Stealth is also an important factor to consider when deciding when to commence fundraising activities.  Any money that is donated directly to a campaign must be reported.  It becomes public record and is viewed by your opponents the moment it is filed. 

If you are able to self finance, or can raise enough in a short amount of time, the later you raise funds, the better.  There's no need for a campaign to be viewed as a threat or as being in the lead if the campaign can accomplish what it needs to while working behind the scenes, unfettered by other opponents. 

There are numerous other factors to consider when deciding when to commence full time fundraising, such as the affect of being (or not being) perceived as viable early on.  But the above are the general factors that must be considered when planning out your campaign timeline.

That said, in most cases fundraising needs to begin the moment that you announce your candidacy.  This is because most campaigns start out with a level playing field.  Where there's no compelling reason to donate specifically to your campaign, previous contribution totals play a crucial role in the decision of contributors whether or not to support your candidacy.   So, if you cannot raise large amounts on short notice, getting a head start becomes increasingly important.

Regardless of when you start your major fundraising push, here are the crucial steps that need to be followed once you begin:

Start by compiling a friends and family list - Imagine that you were throwing a party and could invite anyone who you had ever met.  Compile exactly such a list for your campaign.  Include people who you've known since you were born, even if you've lost contact with them since.  This includes classmates, friends, acquaintances, people you've done business with and anyone else who you can think of.

Call each person on the list and tell them that you're running for office.  Tell them why you're running and talk about the issues that you believe will be of most interest to each. 

Then ask for their financial contribution.  Tell them how much their support means to the campaign and how their donation is seed money and a show of support that is crucial for being able to raise other funds.  Ask directly and do not be embarrassed.  When asked, many people would like to help with a small contribution that acts as a show of support    

Remain constant - Once you have started fundraising, don't stop.  You don't need to start out strong, but you do want to expand the fundraising campaign each and every quarter until you've amassed enough for the entire race.

Large donors can be of extra help - Donors who are interested in the causes and issues that are central to your candidacy can support political advocacy organizations known as "527s" (named after the section in the US tax code that pertains to their formation).  These organizations bring attention to various issues in districts where supporters of their primary causes are running for office.  PACs, or "political action committees," work in a similar manner and each state has its own laws governing the regulation of state political committees.

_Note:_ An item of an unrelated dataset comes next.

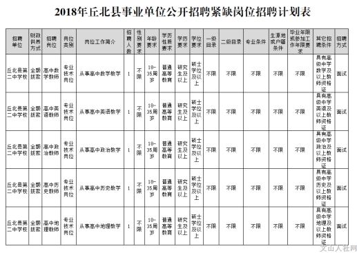 本次招聘縣第二中學(xué)校高中緊缺專業(yè)教師5名,具體招聘崗位、招聘條件及相關(guān)要求請(qǐng)登錄文山人社網(wǎng)(www.ynwsrs.gov.cn)、丘北政務(wù)網(wǎng)(www.ynqb.gov.cn)查看《2018年丘北縣事業(yè)單位公開招聘緊缺崗位招聘計(jì)劃表》。
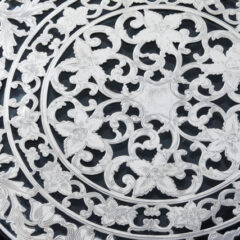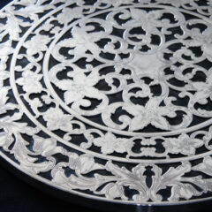 シルバーオーバーレイとはアメリカで1910年代~1930年代頃に流行した装飾技法です。銀巻き技法のひとつで、925グレードのスターリングシルバーを特殊な電熱処理によって銀板の文様が厚くガラスや陶磁器に巻き付くまで析出させた装飾技法です。分厚くシルバーオーバーレイが施されたお品には、線彫りの彫金を施したものも多くみられます。もともとはヨーロッパで開発された技法であり、カップなどの陶磁器に施したものが多かったですが、アメリカでは特にガラスに施され、アメリカ独自の工芸品として当時の上流階級の人々に楽しまれていました。

These are a few of the venues through which a major donor may be able to play a role in advancing the causes that are central to your candidacy, above and beyond their own direct contribution to your campaign.

Innovative methods - At the right time, begin selling campaign stickers or other memorabilia.  These items can be sold directly or offered as gifts to contributors.  Either way, if sold through your campaign, sales must be reported as contributions. 

Have donors cultivate other donors - Supporters can host fundraisers and "meet and greets" at their homes or places of business.  The campaign needs to design an invite for each such reception that conforms to campaign finance law (containing a proper disclosure, etc.) and encourage the host to share the invite with their friends and business associates.

Most of all, stay strong, stay focused and stay committed to the purpose of your candidacy.  Sincerity, perseverance and dedication are vital to maintaining your passion and enthusiasm throughout the entire elective process.